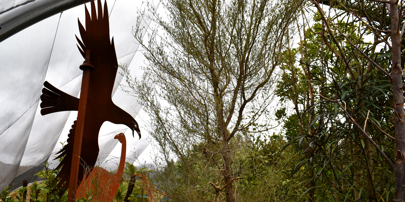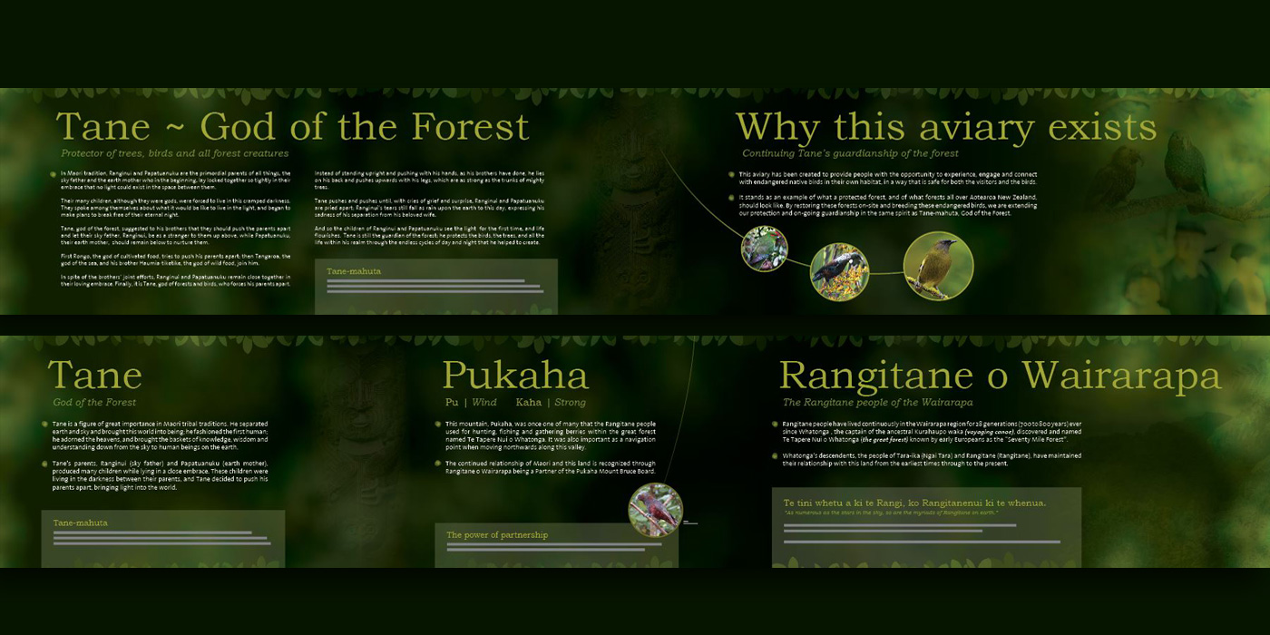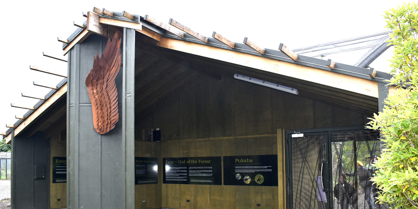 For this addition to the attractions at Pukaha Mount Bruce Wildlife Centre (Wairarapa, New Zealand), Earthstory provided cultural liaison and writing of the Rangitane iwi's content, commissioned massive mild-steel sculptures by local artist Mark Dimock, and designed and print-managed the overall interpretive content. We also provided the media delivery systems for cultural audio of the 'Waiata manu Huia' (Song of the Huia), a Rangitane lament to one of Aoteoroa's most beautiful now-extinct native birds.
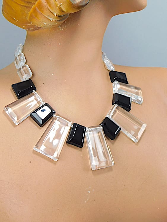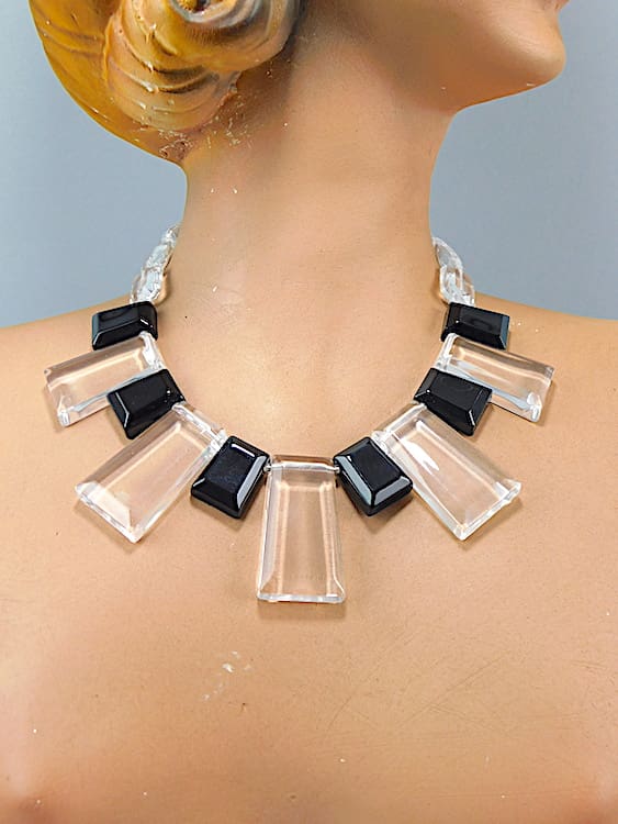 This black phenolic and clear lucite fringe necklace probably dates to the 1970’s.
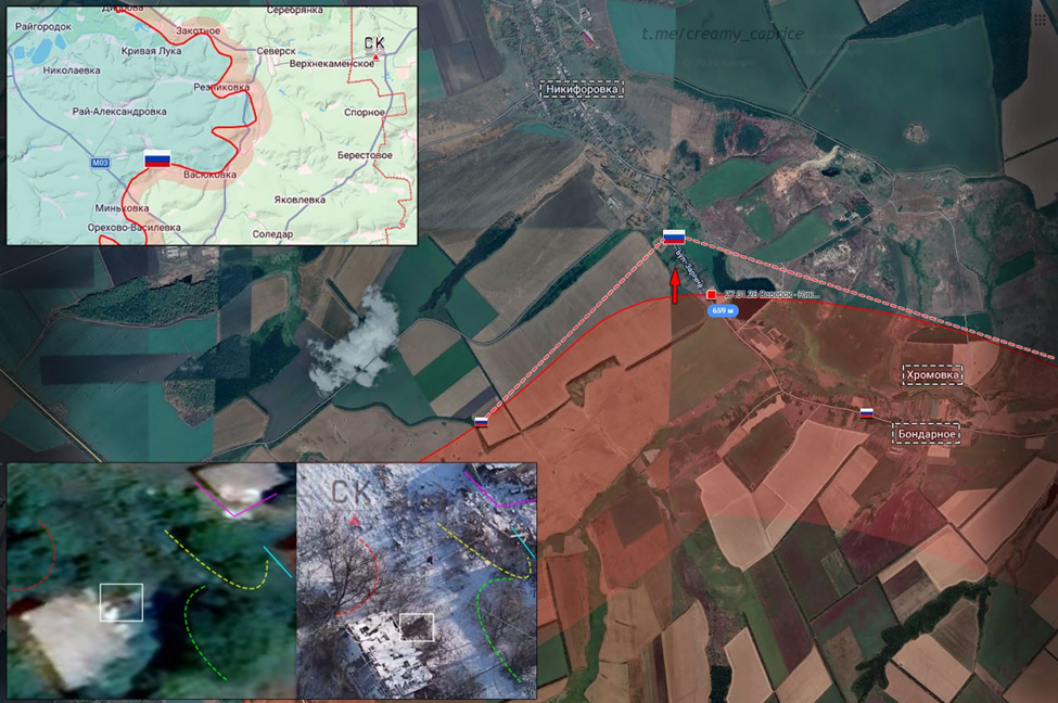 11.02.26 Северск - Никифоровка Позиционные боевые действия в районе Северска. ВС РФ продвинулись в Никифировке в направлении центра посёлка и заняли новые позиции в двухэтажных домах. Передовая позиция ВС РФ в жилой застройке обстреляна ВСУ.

**Task requirements**
Keep the pictures out and transcribe the listing exactly.

**Solution for this exercise**
 For this addition to the attractions at Pukaha Mount Bruce Wildlife Centre (Wairarapa, New Zealand), Earthstory provided cultural liaison and writing of the Rangitane iwi's content, commissioned massive mild-steel sculptures by local artist Mark Dimock, and designed and print-managed the overall interpretive content. We also provided the media delivery systems for cultural audio of the 'Waiata manu Huia' (Song of the Huia), a Rangitane lament to one of Aoteoroa's most beautiful now-extinct native birds.
 This black phenolic and clear lucite fringe necklace probably dates to the 1970’s.
 11.02.26 Северск - Никифоровка Позиционные боевые действия в районе Северска. ВС РФ продвинулись в Никифировке в направлении центра посёлка и заняли новые позиции в двухэтажных домах. Передовая позиция ВС РФ в жилой застройке обстреляна ВСУ.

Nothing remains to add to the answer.